* **WHAT YOU WILL DO**
Only the lines from the beginning of the listing below through the line with "According to the" belong in the answer; please print them exactly and drop the pictures.

* **EXERCISE DATA**

BEGIN

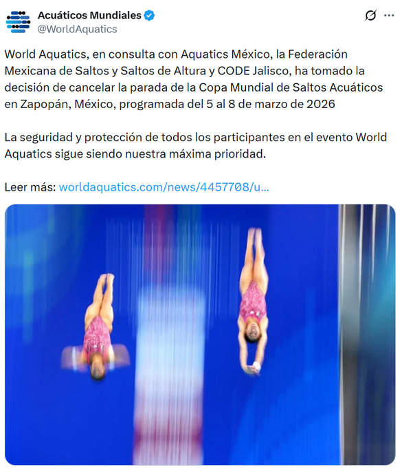 Jalisco.- La Federación Internacional de Natación (World Aquatics) anunció ayer la cancelación de la parada de la Copa Mundial de Saltos Acuáticos en Zapopan, Jalisco, programada del 5 al 8 de marzo de 2026. Tras consultas con la Federación Mexicana de Natación, la de Saltos y el CODE Jalisco, la decisión se basa en alertas de viaje emitidas por embajadas internacionales que desaconsejan visitas a México, impidiendo la participación de equipos extranjeros. Esto surge directamente de la ola de violencia desatada en Jalisco tras el abatimiento de Nemesio Oseguera Cervantes, ‘El Mencho’, líder del Cártel Jalisco Nueva Generación (CJNG), con narcobloqueos e incendios que paralizaron la región el fin de semana pasado.
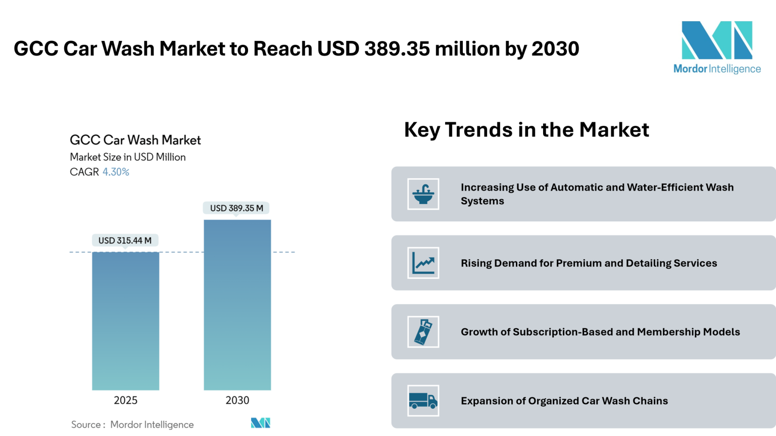 According to the Mordor Intelligence report, The GCC Car Wash Market size is estimated at USD 315.44 million in 2025, and is expected to reach USD 389.35 million by 2030, at a CAGR of 4.30% during the forecast period (2025-2030), reflecting the increasing penetration of automatic, conveyor-based, and subscription-driven car wash services across major Gulf countries.
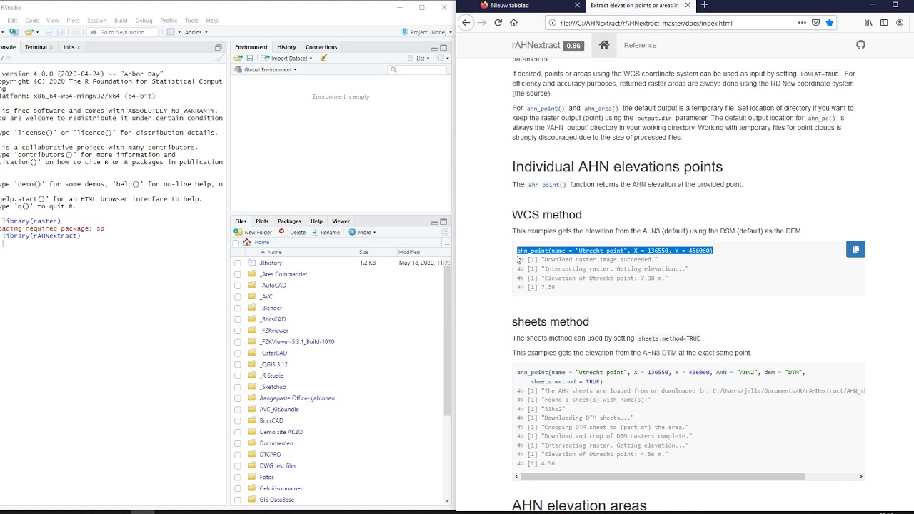 Jelle, ik begrijp dat er een manier is om een csv bestandje voorzien van X,Y coordinaen via Rstudio en rAHNextract te laten ‘vullen’ met Z waarden van het maailveld. De documentatie is erg vrij cryptisch en mager en ik kom er niet achter hoe je dit werkend krijgt. Kun jij daar iets over toelichten? Het is namelijk wel ontzettend intressant voor legio toepassingen !
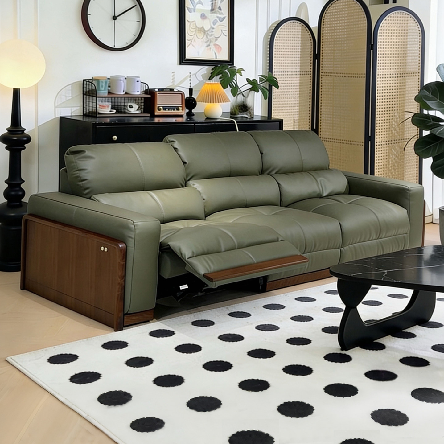 司朴意式轻奢黑胡桃木电动沙发客厅家用零靠墙实木功能真皮沙发
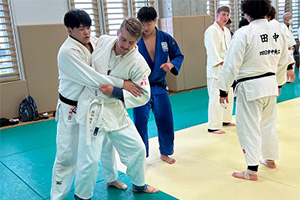 5月15日(木)には学生によるキャンパスツアーと生協で食事しながらの懇談会、5月22日(木)に双方の学生によるプレゼンテーションと柔道部の協力による柔道体験を通じて、日本語や英語を使用するとともに、ボディランゲージを駆使しながら、笑顔で交流していました。

END

* **ANSWER TO THIS PROBLEM**
 Jalisco.- La Federación Internacional de Natación (World Aquatics) anunció ayer la cancelación de la parada de la Copa Mundial de Saltos Acuáticos en Zapopan, Jalisco, programada del 5 al 8 de marzo de 2026. Tras consultas con la Federación Mexicana de Natación, la de Saltos y el CODE Jalisco, la decisión se basa en alertas de viaje emitidas por embajadas internacionales que desaconsejan visitas a México, impidiendo la participación de equipos extranjeros. Esto surge directamente de la ola de violencia desatada en Jalisco tras el abatimiento de Nemesio Oseguera Cervantes, ‘El Mencho’, líder del Cártel Jalisco Nueva Generación (CJNG), con narcobloqueos e incendios que paralizaron la región el fin de semana pasado.
 According to the Mordor Intelligence report, The GCC Car Wash Market size is estimated at USD 315.44 million in 2025, and is expected to reach USD 389.35 million by 2030, at a CAGR of 4.30% during the forecast period (2025-2030), reflecting the increasing penetration of automatic, conveyor-based, and subscription-driven car wash services across major Gulf countries.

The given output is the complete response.